How it works - green electricity
As we've pointed out previously, the benefits of electric power for transport hinges significantly on how green the electricity is when vehicles are charged. Some electricity suppliers claim to supply only renewable “zero carbon” electricity, where they “buy” green electricity on the wholesale market. But there isn't an inexhaustible supply of “green” zero carbon electricity waiting to be bought, or “green” generating capacity standing by to meet demand, so your purchase of zero carbon energy inevitably deprives some other user of the green proportion of their mixed origin supply. For a national picture, we have to look at how “green” the UK National Grid is, at any given time of the day, week, or month, to judge how green any EV will truly be in use. The origins of your charging electricity are critical in many ways, particularly the time of day, or day of the week, since the “green” credentials of grid electricity changes significantly with those factors, and with weather.
At the time of writing, on a breezy Wednesday morning, at 11.25, the UK electricity distributed by National Grid is composed of 45% from wind power, under 15% from nuclear power, and around 25% from gas-fired power stations; the remainder is supplied by solar energy, biomass combustion, and some imported power. That's typical of a windy day, and it brings the benefits of an overall source mix that makes every kilowatt hour on average equivalent to the emissions of 125 grams of CO2.
Putting that into perspective, the average figure for all of year 2020 was around 180g/kWh, for 2016 it was 275g/kWh, and for 2012 it was 516g/kWh. On any Sunday, with the same weather, the figures would be lower still. That shows the stunning progress of the “greening” of UK electricity brought about in recent years, primarily by eliminating significant amounts of coal-generated power, rated at 800g/kWh, and natural gas rated at 500g/kWh.
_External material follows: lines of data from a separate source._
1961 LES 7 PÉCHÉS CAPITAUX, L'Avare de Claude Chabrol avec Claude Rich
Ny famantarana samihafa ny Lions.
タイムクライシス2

Putting this 125g/kWh figure into perspective, at a typical 3 to 4 miles of driving per kWh, it means the real-life emissions of any electric vehicle charged at optimum times are around just 25 to 30 g/km CO2. On another windless day though, the 24-hour average might be up at 250g/kWh, with an EV charged on that day emitting the equivalent of 50 to 60g/km for CO2. Focusing on time of day though, we can highlight times during windy nights when grid generated electricity's carbon count falls well below 100g/kWh, and even as little as 50g/kWh.
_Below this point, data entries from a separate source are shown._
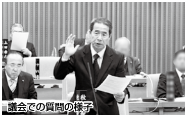
議会での質問の様子

【市長答弁】①本市が支援するケースや、児童相談所と連携して支援するケースもある。保護者のメンタル不調や経済状況がより厳しくなった場合には、直ちに児童相談所に相談し本市も関わり虐待に至ることがないように支援している。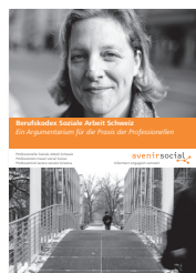
Berufskodex Soziale Arbeit Schweiz Ein Argumentarium für die Praxis der Professionellen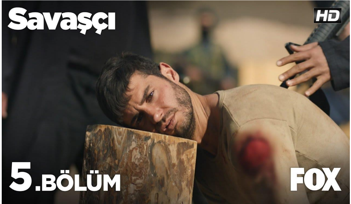
Şekil-1: Kağan'ın Daeş Tarafından İnfaz Edilme Sahnesi

( https://i.ytimg.com/vi/8xnhhefV73k/maxresdefault.jpg ).

Generating suppliers are then often paid to shut down their equipment to balance supply and demand. If we could fully use all that green capacity for EV charging, when it was available, and/or use it to store low-carbon electricity, it would be the icing on the cake. Doing that is easier said than done, but one of the answers is to use it to generate “green” hydrogen… but that's another story. Looking at the other extreme, visualising someone plugging an EV into a rapid charger on an overcast and windless day, the effective carbon count of the electricity going into that EV battery could be as much as six times that of the other EV being charged overnight on a windy night. If enough EV drivers all plug in at 1pm for their lunch break, or when arriving home at 6pm, the National Grid's response may involve the start-up of additional natural gas generating units, creating electricity with a footprint of as much as 550g/kWh. In the least favourable circumstances, not impossible if we become short of natural gas supplies, a coal-fired power station might need to be brought online. That would supply grid electricity with a carbon count of a terrifying 800g CO2 per kWh, equating to EV emissions of 125g/km – just as “dirty” as a medium-sized 2.0-litre turbodiesel car achieving 60mpg. Yet “on paper” and for taxation purposes, the EV is “zero carbon”. How crazy is that?
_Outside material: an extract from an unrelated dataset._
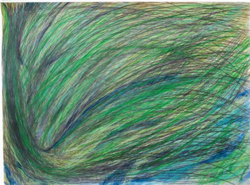
Medusa Tribuna 2015, 140x100cm, графит, пастел на папиру Medusa Tribuna 2015, 140x100, graphite, pastel on paper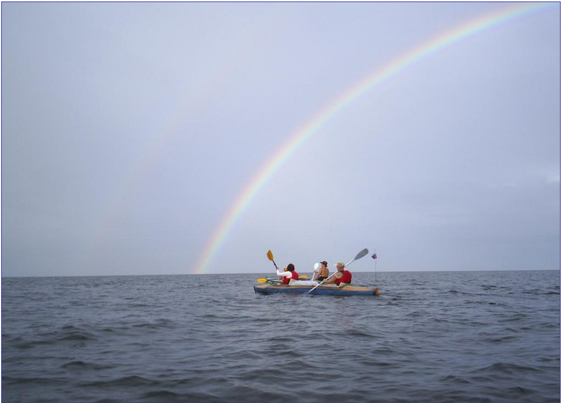
Радуга над Байкалом

It's worth bearing all this in mind when getting carried away by the claimed green credentials of zero carbon EVs, and particularly when demands are made for thousands of new rapid charging facilities. They will inevitably create vastly greater emissions than electric vehicles that are charged overnight at home. There's arguably very good justification for surcharging those who insist on using peak demand daytime charging electricity, not as any form of punishment, but as a reflection of the real-life ecological consequences, which are by no means as rosy as they are often presented.